Assim como a nova estátua, os festejos que antecederam a inauguração tinham o objetivo de fortalecer a igreja católica no Brasil. Quarenta e dois anos antes, a proclamação da República havia estabelecido um estado laico.

— No início da década de 1920, o cardeal Arcoverde, então arcebispo do Rio, procurava marcar presença na cidade. O presidente Epitácio Pessoa era ateu e foi convertido pouco antes de chegar ao poder, em 1919. Ele incluiu na celebração pelos 100 anos da independência, em 1922, a autorização para a construção do Cristo — explica o historiador Milton Teixeira.

Mais do que um símbolo religioso, a obra também marcava uma guinada para o futuro. A metrópole com pouco mais de um milhão de habitantes ganhava arranha-céus e construções em estilo art déco. Zeppelins vinham da Europa sobrevoar o litoral brasileiro, e o rádio, grande novidade, lançava estrelas como Carmen Miranda, então com 22 anos.

Engenheiros e operários comemoram a colocação da cabeça da estátua no Corcovado – Acervo AGCRJ

CAMPANHA POR DOAÇÕES

O projeto do Cristo fora escolhido em 1921, e seria pago com doações à Igreja. O GLOBO, criado em 1925, entrou na campanha pelo monumento e, diariamente, divulgava os valores recebidos na redação do jornal. Ao final dos cinco anos de obras, o Cristo custou 2,5 mil contos de réis — bem menos do que a Estátua da Liberdade, concluída 45 anos antes com 60 mil contos de réis.

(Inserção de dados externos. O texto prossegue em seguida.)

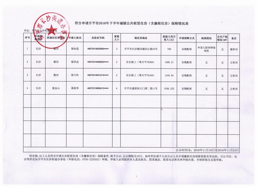 長沙街道符合申請開平市2016年下半年城鎮(zhèn)公共租賃住房(含廉租住房)保障情況表

Antes de começar a tocar a obra, Silva Costa encomendou ao escultor francês Paul Landowski os moldes para as mãos e os pés da estátua. A colaboração do estrangeiro estaria por trás da crença popular de que o Cristo fora um presente dos franceses. Em 2011, a família de Landowski entrou com um processo reivindicando a autoria da estátua, mas a Arquidiocese do Rio possui o documento em que Silva Costa cede todos os direitos do Cristo à entidade — conforme O GLOBO revelou no caderno especial pelos 80 anos da imagem.

Outro estrangeiro que contribuiu para a construção foi o italiano Heitor Levy, que se firmou como um dos maiores engenheiros de templos católicos no Brasil, apesar de ser judeu quando chegou. Levy, que foi o mestre de obras, morou no Corcovado durante os cinco anos de trabalho.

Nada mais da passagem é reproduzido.